Following the teachers and headmasters strike Professor Mthuli Ncube (Minister of Finance) has announced new conditions of service for teachers and civil servants on his Twitter page. These additional measures have been put in place to try salvage the economic crisis facing the nation as well as the under performing Zimbabwean dollar which keeps losing value.
In this latest measure the finance minister is promising civil servants the following:
Monetary Benefits
First on the list is a 20 percent increase in the Zimbabwean dollar salary component backdated to the 1st of January 2022. This means is one was earning 10 000 rtgs they will now be earning 12 000 rtgs.
The government has also added 100USD per month in hard currency to every civil servant with effect from the 1st of March 2022. This will be done through conversion of a corresponding Zimbabwe dollar salary amount into hard currency, bringing the foreign currency amount to 175USD.
Teacher unions last week declared that their members would only resume duties after their employer had acceded to their demand for the pre-October 2018 salary of US$520 or its equivalent in local currency. The offer made by the government is far off from this request.
Non-Monetary Benefits
The government has offered to pay school fees for up to 3 biological children per teaching family, with a cap of 20 000 rtgs per child per term. The fees are to be paid directly to the school. Does this mean that if one is a teacher and looking after children of a deceased family member, those children will not get their fees paid?
The government has also promised to construct 34 000 housing units (2 125 block flats) over a five-year period as institutional accommodation including critical amenities, for teachers within the school premises. This is a way of cutting off transportation as teachers will have no excuses to not be at work.
The provision of transportation to ferry rural and urban teachers is on the list.

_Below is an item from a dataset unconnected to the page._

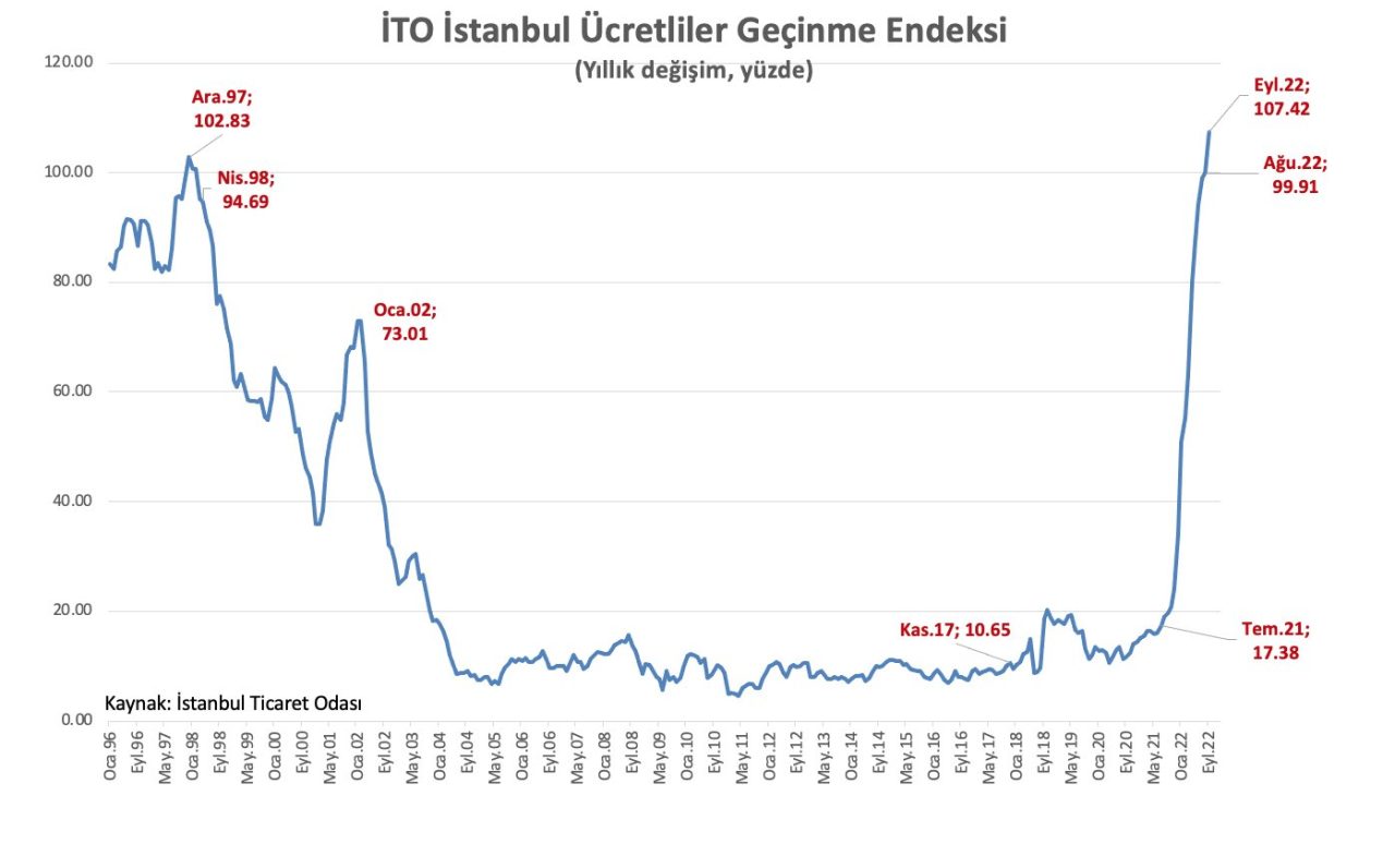 İstanbul Ticaret Odası (İTO) verilerine göre kentteki tüketici fiyatları geçen yıla göre yüzde 107,42 arttı.

The most interesting offers so far are housing loan guarantee schemes and that teachers are to import vehicles duty free. The imported vehicles are not to be disposed of âbefore the expiry of three yearsâ. This means that if a teacher imports a vehicle they cannot sell the vehicle for the next three years. Firstly, we that know they have increased the salaries of teachers, but is it enough for teachers to get housing loans and import vehicles? Is it even enough to pay rent and buy fuel?
The offers made by government look appealing. They are not entirely what the teachers union asked for (which is 520USD). Besides the 20 percent increase, school fees benefit, 100USD, and transport facility, the rest of the benefits are long term. How does getting a flat after five years help a teacher that is struggling to pay rent now?
Whether the offer made by government will be effective remains unseen. Will these efforts be enough  to appease the civil servants?